A cura di Patrizia Solari


Questa donna, proclamata santa nel 1948 da Pio XII e patrona degli immigrati nel 1950, era nata e cresciuta nel lodigiano, ultima di dodici figli. A soli 11 anni, facendo voto di verginità, aveva deciso la sua vita: voleva essere missionaria in Cina e per questo trascorreva il suo tempo libero studiando l'Atlante. Ma era di salute cagionevole e diversi ordini religiosi non avevano accolto la sua domanda.
"Era divenuta, dopo numerose traversie, fondatrice di una piccola congregazione con finalità missionarie, un'iniziativa allora strana per un istituto femminile (...) Incontrò il vescovo Scalabrini che cercò di farle cambiare idea descrivendole la situazione miseranda degli emigrati in America. Confusa, Francesca decise di lasciare la decisione al Papa Leone XIII, che l'ascoltò a lungo, poi le disse con decisione: 'Non a Oriente, Cabrini, ma a Occidente!' (...) Aveva 39 anni, era malata di polmoni e i medici le avevano pronosticato non più di due anni di vita." Era il 1889. Morirà nel 1917, a Chicago, dopo aver costruito dal niente asili, orfanotrofi, educandati, collegi e ospedali negli Stati Uniti, nel Sudamerica e anche in Europa.

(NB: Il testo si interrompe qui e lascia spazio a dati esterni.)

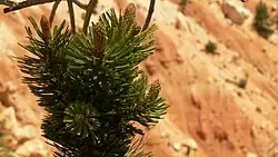 - Die Fuchsschwanz-Kiefer (Pinus balfouriana) hat praktisch keine Grannenfortsätze an den Zapfenschuppen.

"Le sue opere, che non furono mai sue, sono come i grani di un rosario che piano piano tra le dita prende forma, legati l'uno all'altro dall'unico vincolo d'amore che fa consistere, dall'unica forza che fa costruire: la carità, l'amore di Cristo e lo struggimento perché Cristo sia conosciuto. (...) Una carità che fa sì che 'i figli di Dio operino con più tenacia, accortezza e pazienza perché hanno consacrato le loro forze alla venuta del suo Regno e corrono per uno stipendio incorruttibile' contrapponendoli all'attività febbrile dei businessmen americani."

Madre Cabrini parte dunque nel 1889 con sette suore, attraversando l'Atlantico insieme a 900 emigranti, che occupavano la terza classe della nave.

"Nell'arco di quasi trent'anni compirà 28 traversate dell'Oceano che divide i due continenti. E tutte le volte troverà il niente ad aspettarla, neanche un letto dove posare il capo per riposare. Solo povera gente abbruttita dal lavoro e da condizioni di vita disumane. Sono i nuovi poveri per i quali la fede è un ricordo, lasciato nella propria terra di origine; è un popolo a cui manca una guida."

In America gli italiani erano considerati "schiavi bianchi". "Giungevano a centinaia di migliaia all'anno, insidiati già alla partenza e all'arrivo da loschi procacciatori che ne sfruttavano l'ignoranza e il bisogno, privi di protezione, disponibili a tutto (...). Vivevano senza scuole, senza ospedali, senza chiese, chiusi nelle loro 'piccole italie', quartieri che proliferavano ai margini delle grandi città. E quasi sempre non erano nemmeno 'piccole italie', perché i vari campanilismi le frazionavano e mettevano rissosamente i vari gruppi regionali gli uno contro gli altri. (...) Quelli che riuscivano a far fortuna (...) si guardavano bene dal mescolarsi con i propri disprezzati connazionali."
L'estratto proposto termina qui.